We applied the targeted assays towards detecting endogenous protein isoforms using retention time scheduled PRM. Because the scan speed of the mass spectrometer limits the number of peptides that can be simultaneously targeted in one experiment, we performed a proof-of-principle experiment where we selected a small subset of non-canonical peptides to monitor in a scheduled PRM analysis. To select these qualifying peptides, we first performed a DDA shotgun proteomics experiment on commercially available human heart lysates. These results were then matched against predicted spectral and retention time values using Skyline. In total, we shortlisted 27 non-canonical peptides based on putative identification from the DDA data in a conventional database search (Percolator q-value ≤ 0.01) or the quality of their match to computed spectra (Skyline spectral library match dotp ≥ 0.7), and additionally included 2 known PKM isoform peptides. Among the 29 targeted peptides, we successfully detected 22 endogenous splice isoform peptides in the human heart lysate (Figure 1B; Supplementary Table S2; Supplementary Data S3). These peptides were identified based on spectral matching with Skyline, conventional database search, and manual data inspection by mass spectrometrists. The non-canonical sequences also showed good differential explanatory power in peptide-spectrum matches over second-best hit sequences or canonical-only searches (Supplementary Figure S2; Supplementary Tables S3–S4). To further assess the reproducibility of the workflow and applicability to other sample types, we also acquired PRM data on 3 biological replicates of human AC16 cardiomyocyte cell lines, in which 14 isoform peptides were consistently identified from all 3 biological replicates with dotp scores ranging from 0.79 to 0.95 (Supplementary Figure S3).

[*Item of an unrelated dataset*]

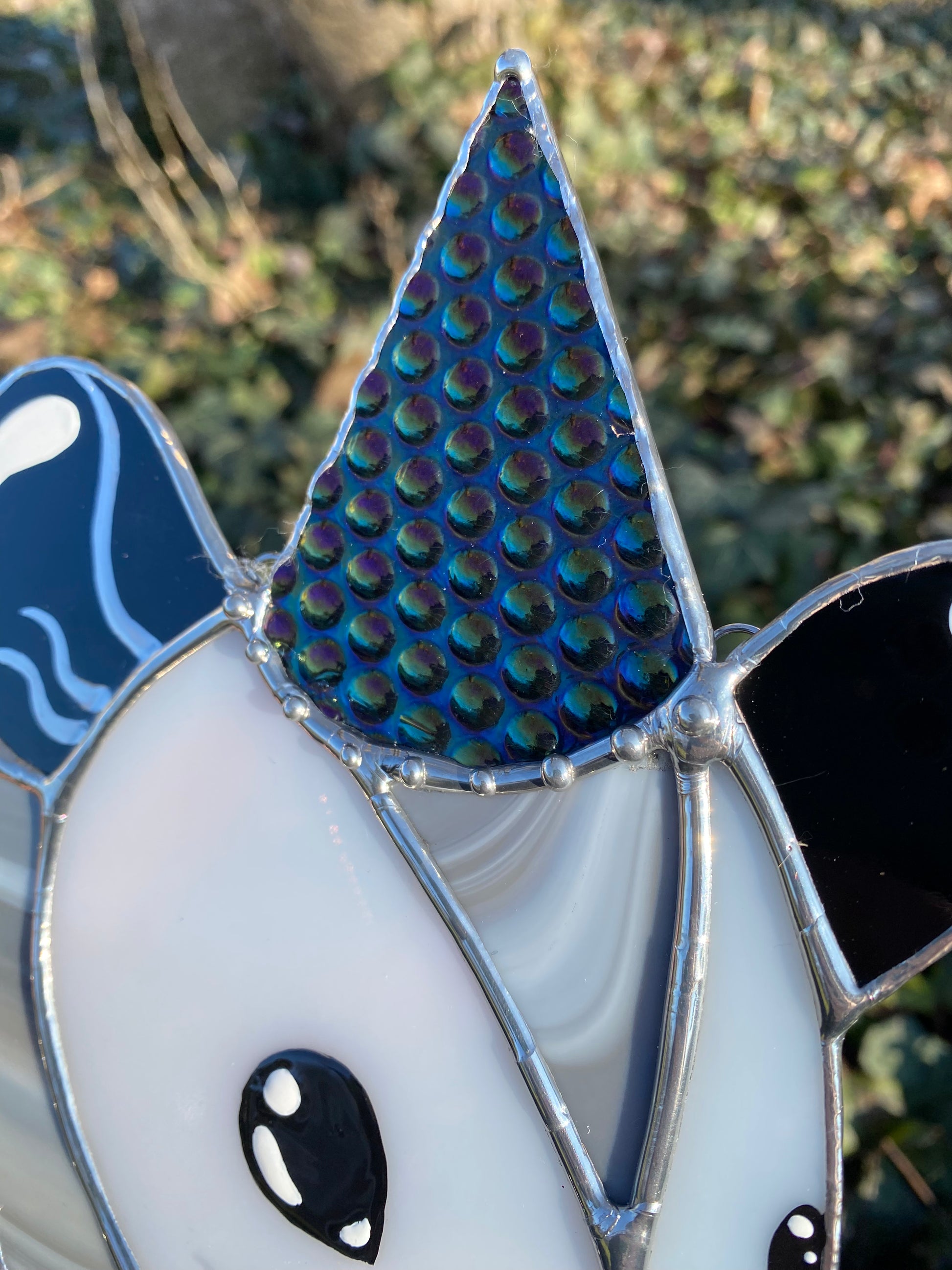 Measures 8.5” tall and 6” wide. Made with iridescent and Van Gogh glass. Has a silver chain and screw-in hook to hang her up wherever you please!

The 22 identified isoform peptides from human heart tissues include those from three different splice types (mutually exclusive exons, skipped exons, alternative 3′ splice sites) (Figure 2; Supplementary Data S4), correspond to both popular and less studied proteins in the heart (Figure 1B), and belong to proteins with diverse functions including sarcomere stability, epigenetic regulations, and oxidative stress responses. In some instances, we observed an intersection of alternative sequences with known post-translational modification sites and protein-protein interaction surfaces that provide clues to potential functional significance (Figure 2B–C). In the relatively well-characterized KPYM splice isoforms PKM1/PKM2, the alternative exon excluded in PKM1 overlaps with a cluster of post-translational modification sites in the designated canonical form (PKM2) including two 4-hydroxyproline sites at PKM2 P403 and P408 that are known to participate in HIF1ɑ binding and transactivation [14] (Figure 2C). In tropomyosin-1 (TPM1), one of four tropomyosin ortholog genes that function to stabilize actin filaments and which itself has over 10 potential splice isoforms, we detected a peptide arising from a mutually exclusive exon splice event which corresponds to the uncharacterized Uniprot TPM1 isoform 4 (P09493–4) (Figure 2B). This sequence replaces residues 189–212 in the canonical TPM1 sequence, which sits at a groove in the actin-binding interface (PDB 4A7L) and which spans likely pathogenic variants for hypertrophic cardiomyopathy (e.g., ClinVar p.E192K and p.N203K) (Figure 2C). To our knowledge, antibodies that distinguish between TPM1 splice isoforms are not commercially available, hence the targeted mass spectrometry method presented here offers a promising tool to characterize the expression and functions of these isoforms across sample types.
4. Conclusion
Reliable detection methods are essential for understanding protein biological function [15]. There is currently a dearth of targeted quantification assays for protein isoforms arising from alternative splicing. Here, we used machine learning predicted mass spectra as an alternative to labeled synthetic peptides to support the detection of non-canonical protein isoform sequences in targeted mass spectrometry. We found that the predicted peptide fragmentation patterns are compared to endogenous peptides to target peptides from non-canonical isoforms in the human heart. This strategy may avail routine targeted detection of less studied proteins isoforms and advance understanding of alternative splicing in the heart.
Supplementary Material
Supplementary Figure S2 | Confidence of Peptide-Spectrum matches in Non-canonical vs. Canonical Searches. Scatterplot showing peptide confidence after all cardiac tissue mass spectrometry data from PXD006675 were searched in bulk using either a custom isoform database or SwissProt Homo sapiens canonical sequences (v.2020_05, 20370 entries). The x axis shows the −log10 posterior error probability (higher = more confident identification) at the spectrum level for 723 re-identified candidate isoform peptides. Approx. 83% of the re-identified non-canonical peptides were re-identified at PEP ≤ 0.01. In the parallel SwissProt search (y-axis), few of these spectra could be confidently assigned to canonical sequences.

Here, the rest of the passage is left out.